The Washington Post reports: President Trump and first lady Melania Trump have elected not to attend the annual Kennedy Center Honors in December amid a political backlash among those who will be feted at the event.

The first family will not participate “to allow the honorees to celebrate without any political distraction,” White House press secretary Sarah Huckabee Sanders said in a statement Saturday morning.

The announcement comes as three of the five honorees — television producer Norman Lear, singer Lionel Richie and dancer Carmen de Lavallade — said they would boycott the traditional White House reception related to the celebration. As for the other two, rapper LL Cool J has not said whether he would attend, and Cuban American singer Gloria Estefan said she would go to try to influence the president on immigration issues. [Continue reading…]

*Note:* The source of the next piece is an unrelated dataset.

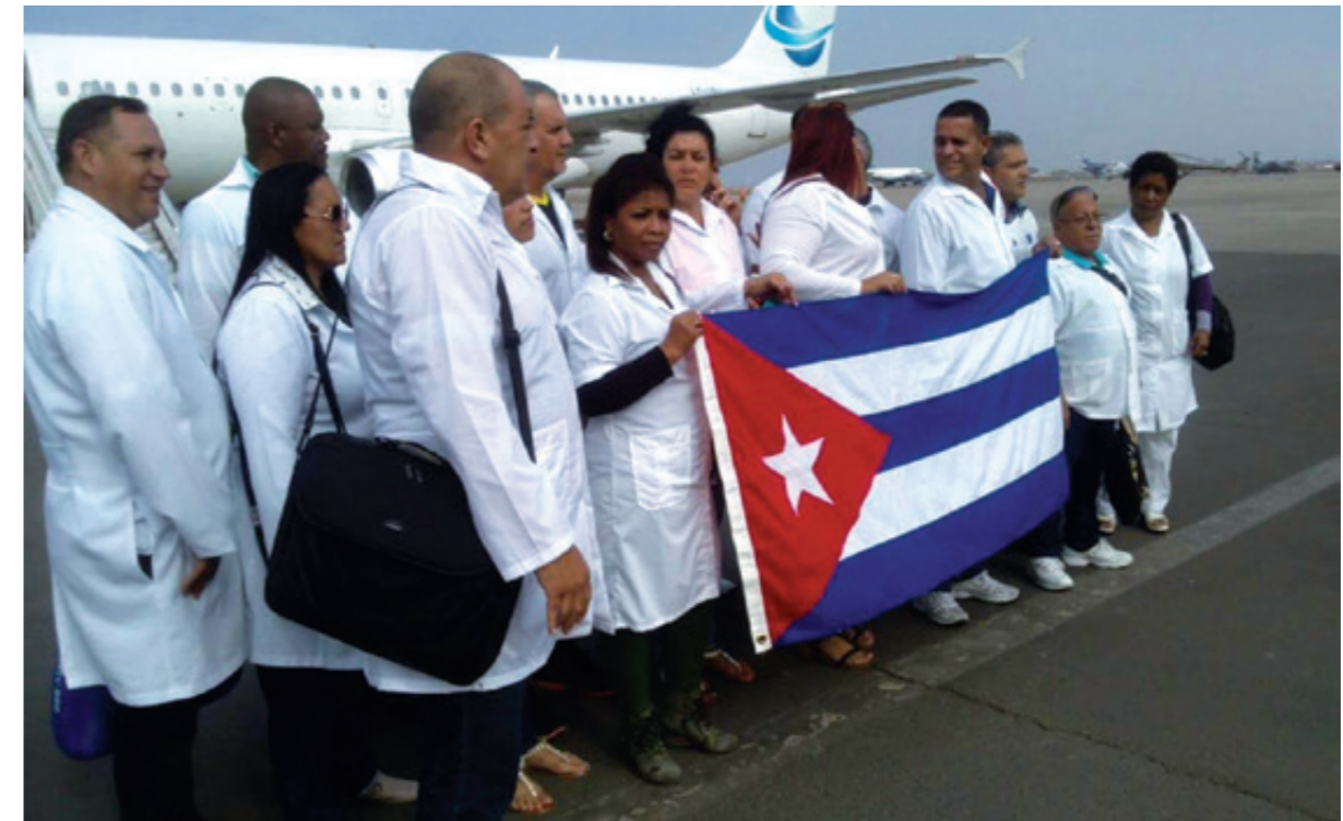
La Cuba revolucionaria envió el contingente Henry Reeve, con 52 especialistas, a las zonas más afectadas de Italia, en situación de desastre y graves epidemias.

La isla, que sufre un cruel bloqueo económico-financiero por parte de

Whether by accident or intention, it’s extraordinary that a White House press secretary would deploy the phrase political distraction in reference to the presence of the president — a phrase that most commonly appears in mealy-mouthed resignation letters when public figures are attempting to gloss over the embarrassing circumstances in which they had no choice but to quit or get fired.

While impeachment provides Congress with the legal mechanism for removing a president, there is also a social and political mechanism that may have never been tried before but would surely be just as effective yet much more swift: the ostracization of the president — it has already begun and is gathering momentum.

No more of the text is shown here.